SpanSynonymQuery is unusual here because it uses a single SpansDocScorer per segment, independent of the number of synonym terms.

Since the TermSpans for SynonymSpans are Spans without a SpansDocScorer it makes some sense not to merge Spans and SpansDocScorer later.

asfimport commented 7 years ago

ASF GitHub Bot (migrated from JIRA)

GitHub user PaulElschot opened a pull request:

https://github.com/apache/lucene-solr/pull/166

LUCENE-7580 of 8 Mar 2017.

Resolves a conflict with recent simplification of NearSpanUnordered.
Includes recent SpanSynonymQuery.

You can merge this pull request into a Git repository by running:

$ git pull https://github.com/PaulElschot/lucene-solr lucene7580-20170308

Alternatively you can review and apply these changes as the patch at:

https://github.com/apache/lucene-solr/pull/166.patch

To close this pull request, make a commit to your master/trunk branch with (at least) the following in the commit message:

This closes `#166`


asfimport commented 7 years ago

Paul Elschot (migrated from JIRA)

I just pushed two branches to github, pullable as:

git pull https://github.com/PaulElschot/lucene-solr lucene7580-20170326

and

git pull https://github.com/PaulElschot/lucene-solr lucene7580report-20170326

The lucene7580-20170326 branch is an update of the previous pull request with a few minor improvements. Most notable is putting SpansTreeWeight into its own source file.

The lucene7580report-20170326 branch is on top of the lucene7580-20170326 branch, with the addition of the tex sources for a report on this issue. I'll attach the pdf shortly here.

asfimport commented 7 years ago

Paul Elschot (migrated from JIRA)

Report of 26 March 2017, generated from the lucene7580report-20170326 branch and renamed to include the full date in the name.

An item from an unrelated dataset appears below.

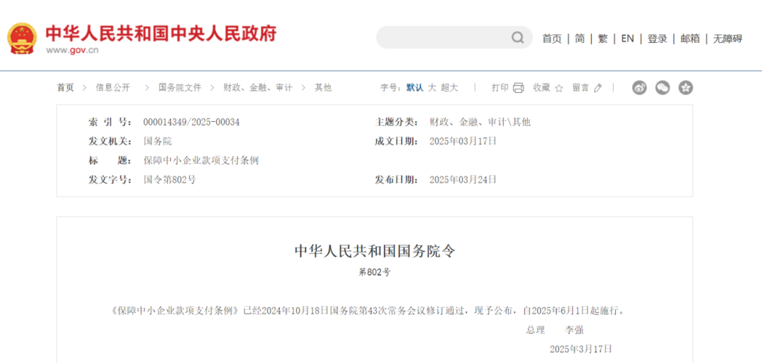 《保障中小企业款项支付条例》已经2024年10月18日国务院第43次常务会议修订通过,现予公布,自2025年6月1日起施行。
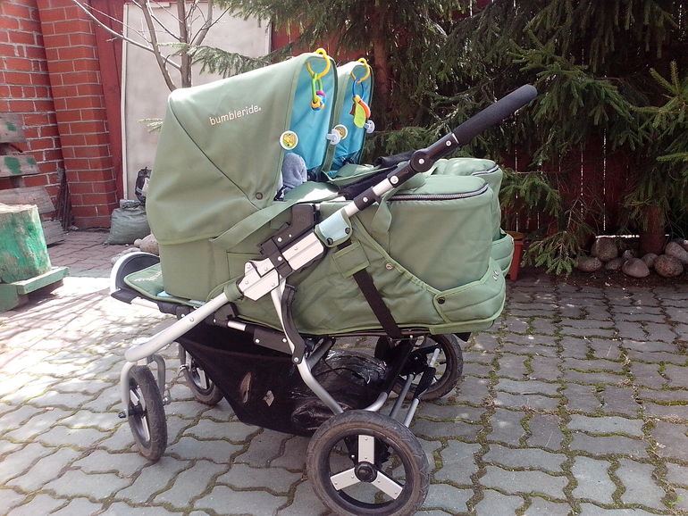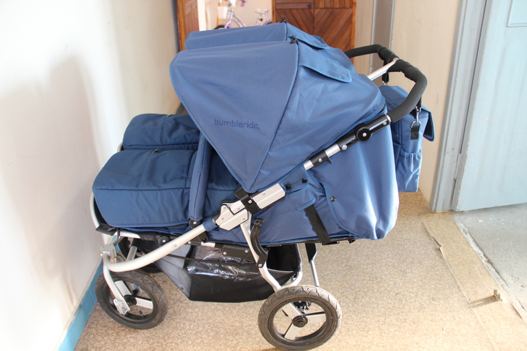 Да внешний вид был немного получше за счет удлинившихся капюшонов, но я теперь не видела моих крох в смотровые окошки - так как они выдвинулись вперед и вообще стали непонятно для кого теперь, ну и множество дырочек по краям капа тоже не давали мне покоя - ведь я всего-то перешила и зашила капюшон на руках в нескольких местах. Для мелочей приходилось заматывать вокруг ручки москитные сетки (видно на второй фотке) и класть туда ключи, кошелек, телефон, но в момент палящего летнего солнышка я все равно прятала моих малышей под солнцеотражающую москитку, поэтому все мелочи опять были убраны в неудобные карманы по краям коляски и стоило только завибрировать моему телефону, как один из малышей тут же просыпался, так как треугольные кармашки находятся совсем близко к ним и далеко от быстрого доступа к маме, а те карманы, которые расположены на спинке сидений сзади я вообще не использовала, если малыши спят - туда доступ попросту закрыт. Вот такая вот мелочь - кармашки - а как они могут быть полезны и удобны или наоборот! Вообщем я все это переделала на следующий же день после использования, т.к. поняла что лучше буду смотреть на деток через удобное смотровое окошко, чем все время проверять их обходя коляску. На все это, конечно можно закрыть глаза и пользоваться коляской в том виде в котором она есть - но при ее использовании все время напрягаться из-за неудобств или даже беситься, потеть и злиться, делать многие вещи медленнее, то есть тратить больше времени на ерунду - расстегивание и застегивание молний, например. Да к этим молниям надо привыкнуть и расстегивать их сразу двумя руками сразу две, в противном случае поочередное одной рукой расстегивание молний будет перекашивать ваше самое дорогое существо на то на одну, то на другую сторону, а застегивать и того сложнее, так как нужно еще и придерживать спинку, так как вес малыша давит на молнию и одним движением, даже двумя руками застегнуть не получится никак! - я много времени на прогулках просидела или согнувшись простояла застегивая и расстегивая эти дурацкие молнии, а думала, что справлюсь с этим без раздражения! Нет молнии победили меня! - ну это ли не минус, спрошу я вас? Еще какой! Когда моя мама вышла однажды прогуляться с моими любимками - пол-вечера потом рассказывала какую неудобную колясу я выбрала! Все это жутко влияло на меня психологически и я начала искать ту прогулочку, которая понравилась бы мне во всем простотой и удобством в использовании и была несомненно комфортнее для моих деточек. И, рыская в ютубе видюшки наткнулась на коляску bumbleride indie twin. Видеороликов о ней, мне кажется больше чем о других колясках и ее можно было обсмотреть со всех сторон и присмотреться к каждой мелочи! Все минусы тфк - это исправленные плюсы в bumbleride. Я пересекалась в магазинах с этой коляской 2 раза! но из-за того, что ее люльки крепились не на саму колесную базу, а на прикрепленную прогулку к ней и из-за этого немного портился сам внешний вид этой коляски с люльками - я даже перестала к ней приглядываться! Единственное что мне очень нравилось в этой прогулке на первый взгляд - это то, что для каждого ребеночка есть отдельный бампер (это красиво и смотрится действительно как два местечка рядом) и то, что подножка этой коляски не торчит сильно вперед, когда поднята и смотрится очень аккуратно, т.к. округлой

asfimport commented 7 years ago

ASF GitHub Bot (migrated from JIRA)

Github user PaulElschot closed the pull request at:

https://github.com/apache/lucene-solr/pull/166
asfimport commented 7 years ago

ASF GitHub Bot (migrated from JIRA)

Github user PaulElschot commented on the issue:

https://github.com/apache/lucene-solr/pull/166

Superseded earlier today.
asfimport commented 6 years ago

Paul Elschot (migrated from JIRA)

Resolved: not enough interest. I'll keep the github branches available for now.